Look through the data below, and copy each line that carries the word "voltage".

::::::::::

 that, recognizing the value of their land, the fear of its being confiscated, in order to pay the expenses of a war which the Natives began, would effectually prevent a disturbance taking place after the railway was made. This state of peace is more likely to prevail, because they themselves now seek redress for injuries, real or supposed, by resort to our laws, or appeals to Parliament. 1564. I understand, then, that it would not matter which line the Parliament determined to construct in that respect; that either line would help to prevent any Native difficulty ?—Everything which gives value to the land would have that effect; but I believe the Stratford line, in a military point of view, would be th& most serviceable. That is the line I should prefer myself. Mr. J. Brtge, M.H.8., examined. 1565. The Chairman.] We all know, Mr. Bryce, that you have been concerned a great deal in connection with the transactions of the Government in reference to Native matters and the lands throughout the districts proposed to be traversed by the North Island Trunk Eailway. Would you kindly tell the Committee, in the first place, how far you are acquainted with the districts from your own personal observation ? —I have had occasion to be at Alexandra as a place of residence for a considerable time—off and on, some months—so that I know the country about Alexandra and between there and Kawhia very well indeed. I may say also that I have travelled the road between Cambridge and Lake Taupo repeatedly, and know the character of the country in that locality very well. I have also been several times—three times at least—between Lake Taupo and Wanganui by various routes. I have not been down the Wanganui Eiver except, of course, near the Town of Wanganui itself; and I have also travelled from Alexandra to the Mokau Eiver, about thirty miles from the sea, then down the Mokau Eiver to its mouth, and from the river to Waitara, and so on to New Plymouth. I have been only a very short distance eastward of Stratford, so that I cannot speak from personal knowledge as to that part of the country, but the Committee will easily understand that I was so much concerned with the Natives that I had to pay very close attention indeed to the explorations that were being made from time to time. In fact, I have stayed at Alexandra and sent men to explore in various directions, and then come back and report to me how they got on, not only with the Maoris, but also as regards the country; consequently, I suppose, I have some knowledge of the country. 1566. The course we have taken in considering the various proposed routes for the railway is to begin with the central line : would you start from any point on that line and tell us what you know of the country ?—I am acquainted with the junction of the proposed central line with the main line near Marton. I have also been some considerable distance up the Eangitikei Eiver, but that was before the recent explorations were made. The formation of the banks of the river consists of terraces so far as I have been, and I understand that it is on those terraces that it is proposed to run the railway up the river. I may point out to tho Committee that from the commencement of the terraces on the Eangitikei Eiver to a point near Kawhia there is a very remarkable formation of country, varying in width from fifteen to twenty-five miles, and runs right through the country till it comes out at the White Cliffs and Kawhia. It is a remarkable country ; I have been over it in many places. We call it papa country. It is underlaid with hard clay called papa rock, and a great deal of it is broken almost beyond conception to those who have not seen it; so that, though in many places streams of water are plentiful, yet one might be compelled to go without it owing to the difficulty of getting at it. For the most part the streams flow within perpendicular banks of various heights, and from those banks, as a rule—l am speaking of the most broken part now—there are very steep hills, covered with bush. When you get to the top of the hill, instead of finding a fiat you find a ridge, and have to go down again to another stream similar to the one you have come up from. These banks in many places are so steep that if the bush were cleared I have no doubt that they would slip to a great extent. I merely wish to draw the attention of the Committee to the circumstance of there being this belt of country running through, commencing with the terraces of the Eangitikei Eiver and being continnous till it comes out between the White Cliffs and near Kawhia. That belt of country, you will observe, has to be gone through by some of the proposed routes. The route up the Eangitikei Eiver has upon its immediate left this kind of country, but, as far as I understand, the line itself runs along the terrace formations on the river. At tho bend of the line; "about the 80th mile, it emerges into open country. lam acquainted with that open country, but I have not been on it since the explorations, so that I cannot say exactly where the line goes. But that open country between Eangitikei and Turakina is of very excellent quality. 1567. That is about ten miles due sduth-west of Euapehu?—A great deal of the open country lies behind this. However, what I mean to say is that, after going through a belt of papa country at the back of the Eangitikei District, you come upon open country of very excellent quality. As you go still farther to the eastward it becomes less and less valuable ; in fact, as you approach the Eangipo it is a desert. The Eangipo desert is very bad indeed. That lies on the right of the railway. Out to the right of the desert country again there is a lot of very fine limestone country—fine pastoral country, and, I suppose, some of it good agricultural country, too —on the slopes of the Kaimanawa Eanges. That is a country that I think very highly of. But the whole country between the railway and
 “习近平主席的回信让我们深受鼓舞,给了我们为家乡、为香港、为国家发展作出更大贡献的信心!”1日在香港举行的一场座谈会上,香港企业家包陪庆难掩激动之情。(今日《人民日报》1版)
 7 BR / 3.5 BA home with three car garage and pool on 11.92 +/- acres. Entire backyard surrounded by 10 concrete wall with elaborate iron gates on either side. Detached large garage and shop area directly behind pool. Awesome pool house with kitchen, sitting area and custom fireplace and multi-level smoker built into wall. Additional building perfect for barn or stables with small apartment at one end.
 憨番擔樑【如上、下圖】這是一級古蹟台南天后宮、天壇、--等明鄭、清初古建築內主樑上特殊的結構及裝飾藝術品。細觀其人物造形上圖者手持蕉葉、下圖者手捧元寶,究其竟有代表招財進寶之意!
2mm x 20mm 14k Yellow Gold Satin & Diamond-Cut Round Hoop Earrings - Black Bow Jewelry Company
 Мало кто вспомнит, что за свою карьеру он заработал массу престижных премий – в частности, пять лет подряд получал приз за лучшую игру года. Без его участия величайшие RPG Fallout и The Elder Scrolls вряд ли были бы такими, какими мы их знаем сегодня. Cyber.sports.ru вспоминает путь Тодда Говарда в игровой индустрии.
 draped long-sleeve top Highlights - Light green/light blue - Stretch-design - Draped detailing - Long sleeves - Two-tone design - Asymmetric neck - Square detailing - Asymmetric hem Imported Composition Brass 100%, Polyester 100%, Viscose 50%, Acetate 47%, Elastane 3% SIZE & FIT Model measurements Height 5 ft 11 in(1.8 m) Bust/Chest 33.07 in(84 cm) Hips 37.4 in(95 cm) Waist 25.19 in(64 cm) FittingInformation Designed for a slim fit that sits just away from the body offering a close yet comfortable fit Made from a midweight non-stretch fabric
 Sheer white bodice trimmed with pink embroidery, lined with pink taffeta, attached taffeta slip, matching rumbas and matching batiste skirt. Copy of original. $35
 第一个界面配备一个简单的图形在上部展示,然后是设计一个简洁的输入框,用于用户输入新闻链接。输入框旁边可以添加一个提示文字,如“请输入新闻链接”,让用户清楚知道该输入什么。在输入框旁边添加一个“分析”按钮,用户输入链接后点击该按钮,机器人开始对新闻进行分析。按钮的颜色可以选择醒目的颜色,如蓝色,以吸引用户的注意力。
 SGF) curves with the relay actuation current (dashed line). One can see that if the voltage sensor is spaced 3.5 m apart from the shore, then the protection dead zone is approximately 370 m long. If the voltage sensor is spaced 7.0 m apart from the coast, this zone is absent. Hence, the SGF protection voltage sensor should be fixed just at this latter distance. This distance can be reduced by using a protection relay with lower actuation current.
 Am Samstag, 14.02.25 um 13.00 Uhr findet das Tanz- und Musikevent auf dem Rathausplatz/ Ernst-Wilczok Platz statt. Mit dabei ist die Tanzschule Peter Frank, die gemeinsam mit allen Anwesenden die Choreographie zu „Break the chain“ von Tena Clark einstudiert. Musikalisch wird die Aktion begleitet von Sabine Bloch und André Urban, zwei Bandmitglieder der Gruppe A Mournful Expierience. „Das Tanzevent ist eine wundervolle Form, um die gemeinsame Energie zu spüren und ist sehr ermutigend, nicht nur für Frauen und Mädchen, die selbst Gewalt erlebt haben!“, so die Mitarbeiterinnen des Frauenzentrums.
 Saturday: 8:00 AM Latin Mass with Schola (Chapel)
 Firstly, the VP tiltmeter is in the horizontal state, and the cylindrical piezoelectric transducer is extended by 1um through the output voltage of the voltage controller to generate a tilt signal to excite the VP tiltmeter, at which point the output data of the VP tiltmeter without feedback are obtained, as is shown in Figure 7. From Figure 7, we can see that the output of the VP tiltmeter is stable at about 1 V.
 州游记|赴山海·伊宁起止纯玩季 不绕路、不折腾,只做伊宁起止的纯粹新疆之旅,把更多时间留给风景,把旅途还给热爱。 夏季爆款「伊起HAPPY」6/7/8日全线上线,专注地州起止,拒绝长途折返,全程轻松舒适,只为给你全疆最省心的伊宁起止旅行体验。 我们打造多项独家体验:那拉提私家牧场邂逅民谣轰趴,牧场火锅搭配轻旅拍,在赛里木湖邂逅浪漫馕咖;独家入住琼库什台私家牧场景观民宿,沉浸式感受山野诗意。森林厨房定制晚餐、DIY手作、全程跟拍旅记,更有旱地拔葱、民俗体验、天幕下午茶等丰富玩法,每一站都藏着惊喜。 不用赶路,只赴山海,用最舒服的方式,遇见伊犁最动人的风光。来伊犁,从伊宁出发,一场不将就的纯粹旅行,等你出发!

::::::::::

* **YOUR RESPONSE**:
 SGF) curves with the relay actuation current (dashed line). One can see that if the voltage sensor is spaced 3.5 m apart from the shore, then the protection dead zone is approximately 370 m long. If the voltage sensor is spaced 7.0 m apart from the coast, this zone is absent. Hence, the SGF protection voltage sensor should be fixed just at this latter distance. This distance can be reduced by using a protection relay with lower actuation current.
 Firstly, the VP tiltmeter is in the horizontal state, and the cylindrical piezoelectric transducer is extended by 1um through the output voltage of the voltage controller to generate a tilt signal to excite the VP tiltmeter, at which point the output data of the VP tiltmeter without feedback are obtained, as is shown in Figure 7. From Figure 7, we can see that the output of the VP tiltmeter is stable at about 1 V.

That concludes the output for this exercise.